The obelisk was a simple means of measuring the height and position of the Sun, but it had its drawbacks. The length of the shadow and its direction did not vary by equal amounts in equal times, and if the pavement upon which the shadow fell was divided by marks corresponding to equal intervals of time for one day of the year, the marks did not serve for all other days.
But if for the pillar a triangular wall was substituted--a wall rising from the pavement at the south and sloping up towards the north at such an angle that it seemed to point to the invisible pivot of the heavens, round which all the stars appeared to revolve--then the shadow of the wall moved on the pavement in the same manner every day, and the pavement if marked to show the hours for one day would show them for any day. The sundials still often found in the gardens of country houses or in churchyards are miniatures of such an instrument.
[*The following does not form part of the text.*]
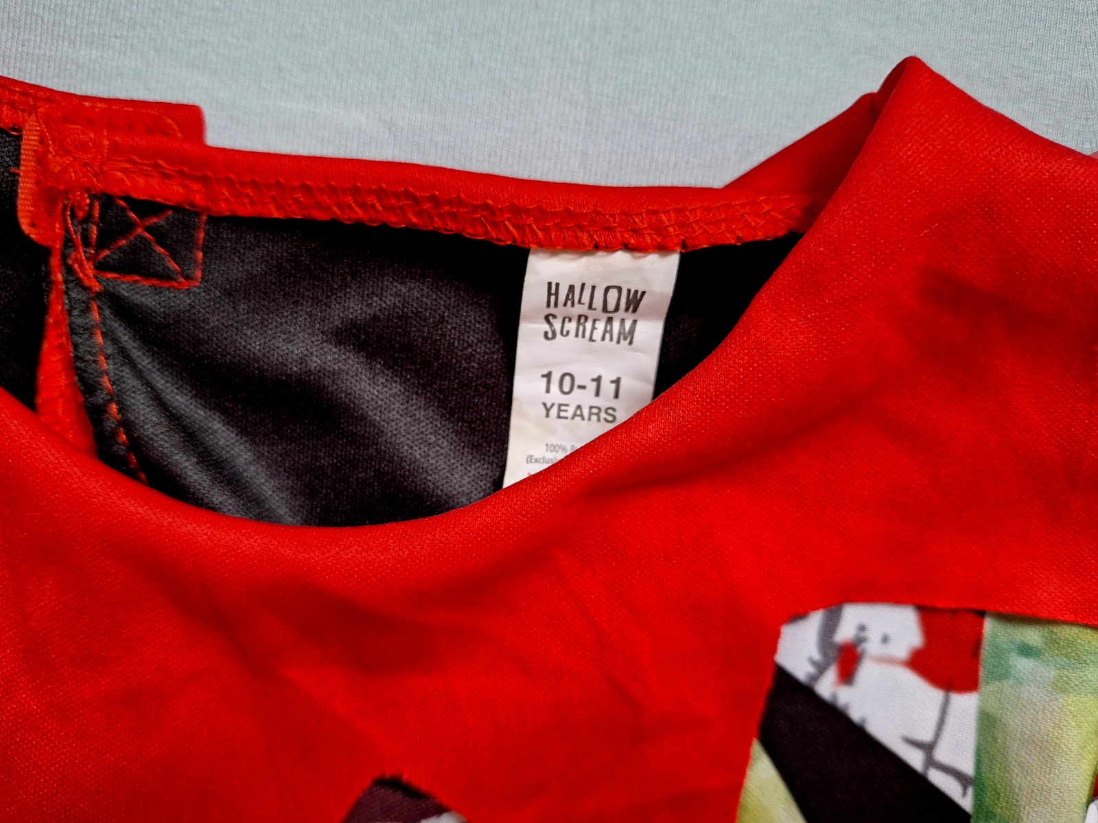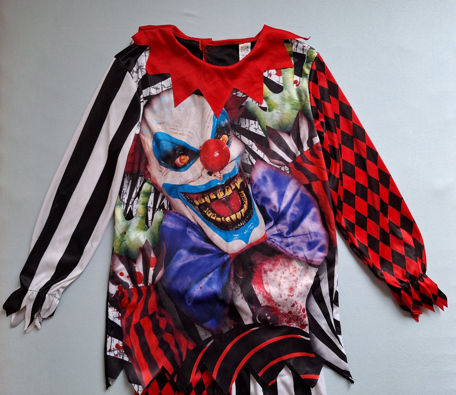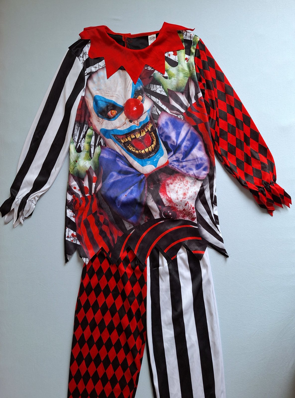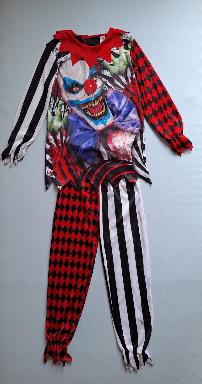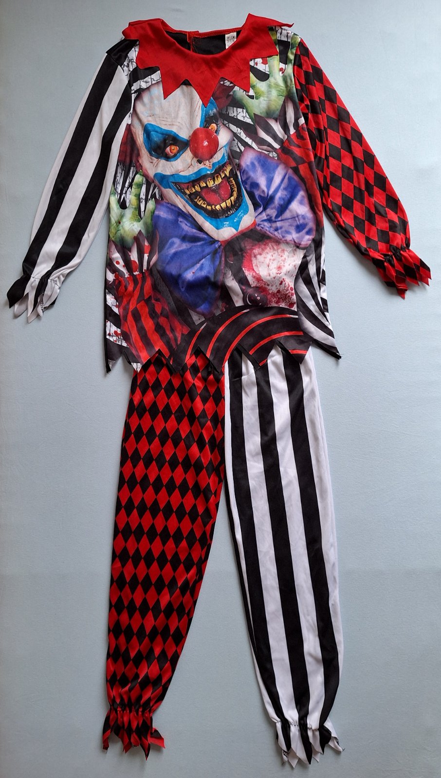 2-dielny kostým je v TOP stave bez poškodení, veľmi pekný, vhodný aj ako dar. Pozostáva z vrchného dielu a nohavíc do gumy. Na vrchnom diely obrázok Jokera. Mierne elastický, príjemný na telo.

But the Greek astronomers devised other and better methods for determining the positions of the heavenly bodies. Obelisks or dials were of use only with the Sun and Moon which cast shadows. To determine the position of a star, "sights" like those of a rifle were employed, and these were fixed to circles which were carefully divided, generally into 360 "degrees." As there are 365 days in a year, and as the Sun makes a complete circuit of the Zodiac in this time, it moves very nearly a degree in a day. The twelve Signs of the Zodiac are therefore each 30° in length, and each {44} takes on the average a double-hour to rise or set. While the Sun and Moon are each about half a degree in diameter, _i.e._ about one-sixtieth of the length of a Sign, and therefore take a double-minute to rise or set. Each degree of a circle is therefore divided into 60 minutes, and each minute may be divided into 60 seconds.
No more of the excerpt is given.